Ortodontia – O “X” da Questão #2 – Padrões Faciais


Fala moçada !!! Pra continuar a nossa série resolvi falar de um assunto que, pelo menos pra mim, foi motivo de muitas dúvidas quando iniciei na Ortodontia, e o é, em muitos casos, até hoje: os padrões faciais. Como entender isso é fundamental para um perfeito diagnóstico e um bom planejamento dos casos, antes de mais nada, vamos tentar entender que padrões são esses.

Encontrei um artigo no site de uma clínica particular que explica muito bem esses padrões, e por isso fiz um compilado tipo resumão para vocês aqui no VDD.

Vejam: O conceito moderno de PADRÃO trata-se de uma concepção do renomado ortodontista brasileiro, o Prof. Dr. Leopoldino Capelozza Filho, que com sua  abordagem nos ensina que os diferentes tipos de maloclusões existentes são consequência do tipo de padrão de crescimento facial de cada paciente. Isso significa que é esse tipo facial quem determinará qual a maloclusão que o paciente poderá ter, e não o contrário. Os padrões de crescimento são geneticamente definidos, e atualmente podem ser divididos em 5 tipos, que podem aparecer em níveis de gravidade diferenciados, que classificamos como leve, moderado e severo. Vamos a eles:

Padrão I: Esses indivíduos possuem um crescimento equilibrado do esqueleto, com um perfil reto e um selamento labial passivo (paciente não faz força para fechar a boca). Nesses indivíduos o mal posicionamento dentário é decorrente primariamente de distúrbios no trajeto de erupção ou do tamanho dentário em relação aos ossos maxilares. Em outras palavras, não há problemas no esqueleto, e portanto a má oclusão é de origem estritamente dentária. Sendo assim, esses indivíduos, de ante-mão tem prognóstico de tratamento muito bom, já que os aparelhos ortodônticos são dispositivos excelentes para correções de posicionamento e movimentações dentárias em geral.

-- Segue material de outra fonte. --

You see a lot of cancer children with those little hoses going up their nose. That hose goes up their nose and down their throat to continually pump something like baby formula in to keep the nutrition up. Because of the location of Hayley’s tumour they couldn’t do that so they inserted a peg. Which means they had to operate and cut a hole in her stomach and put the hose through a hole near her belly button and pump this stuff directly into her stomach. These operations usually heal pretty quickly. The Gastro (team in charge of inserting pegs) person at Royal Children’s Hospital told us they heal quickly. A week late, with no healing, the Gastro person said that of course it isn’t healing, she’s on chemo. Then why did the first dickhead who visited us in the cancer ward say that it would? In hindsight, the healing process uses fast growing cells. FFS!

Padrão II: Indivíduos que possuem um perfil convexo, com o lábio superior projetado e o inferior evertido (virado para baixo). Esses pacientes geralmente tem queixa de “dentes muito pra frente” e/ou “pouco queixo”. O perfil convexo é decorrente de um crescimento deficiente da mandíbula ou um crescimento acentuado da maxila para frente (maçã do rosto) ou ainda uma combinação de ambos. O prognóstico desses pacientes varia de acordo com a gravidade da discrepância, ou seja, em casos leves e moderados poderá ser possível o tratamento somente com aparelhos, e  em casos graves será necessário intervenção ortodôntico-cirúrgica para se conseguir a oclusão correta entre os dentes.

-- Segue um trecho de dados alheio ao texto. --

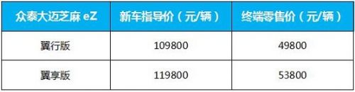 新車共推出兩款配置——翼行版和翼享版,官方指導(dǎo)售價(jià)分別為4.98萬和5.38萬,在同級別新能源汽車中極具競爭力,其中續(xù)航里程全線升級,NEDC綜合續(xù)航里程達(dá)210km,最高時(shí)速可達(dá)到110km/h。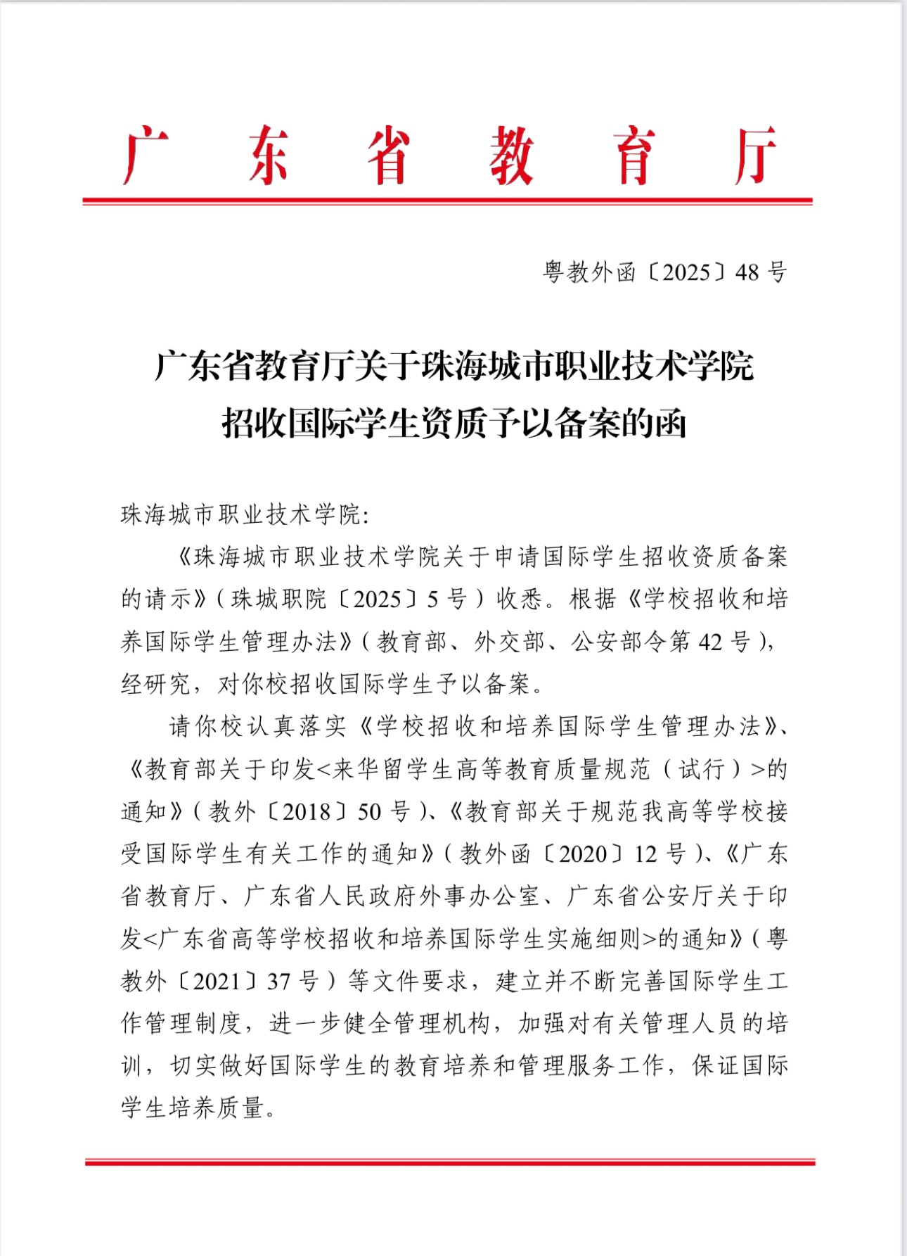 (校企合作处 报道)8月12日,广东省教育厅正式发文(粤教外函〔2025〕48号),对我校招收国际学生的资质予以备案,这标志着我校已具备招收和培养国际学生的正式资格,国际化办学迈出关键新一步。

Padrão III:  Indivíduos que possuem um perfil côncavo, e comumentemente se apresentam com uma mordida cruzada anterior (incisivos inferiores a frente dos superiores) ou em topo (incisivos inferiores ocluindo topo a topo com os superiores). O Perfil côncavo ocorre em virtude de um crescimento exagerado da mandíbula (também chamado de prognatismo mandibular) ou por uma deficiência de crescimento anterior da maxila (maçã do rosto) ou uma combinação de ambos. O prognóstico desses pacientes também varia de acordo com a gravidade da discrepância, ou seja, casos leves e moderados poderão ser tratados somente com aparelhos e em casos graves se faz necessário intervenção ortodôntico-cirúrgica.

Padrão Face Longa:  Diferentemente dos Padrões II e III, o padrão Face Longa tem distúrbio de crescimento esquelético no sentido vertical(de frente) e não antero-posterior(perfil) Esses pacientes não conseguem selar os lábios de forma passiva pois possuem o terço inferior da face aumentado (da base do nariz à ponta do queixo). Os indíviduos Padrão Face Longa apresentam com frequência respiração bucal, amigdalites recorrentes e crônicas, além de roncos e apnéia durante o sono. O mal posicionamento dentário nesses pacientes apresenta-se de forma muito variada, sendo o mais comum a mordida aberta anterior (incisivos superiores não se tocam com os inferiores), a atresia dos arcos dentários (arcos estreitos), apinhamentos (dentes encavalados) em diferentes níveis e grande exposição gengival no sorriso. O prognóstico para esses pacientes varia de acordo com a gravidade da discrepância, porém é comum os pacientes Face Longa de nível moderado de gravidade necessitarem de intervenção cirúrgica para correção da má oclusão. Nos casos de gravidade leve, onde se trata somente com aparelhos, não é raro a necessidade de extrações dentárias e a limitação estética no final, visto que a maioria dos aparelhos dentários possuem grandes limitações para correções de desordens no sentido vertical.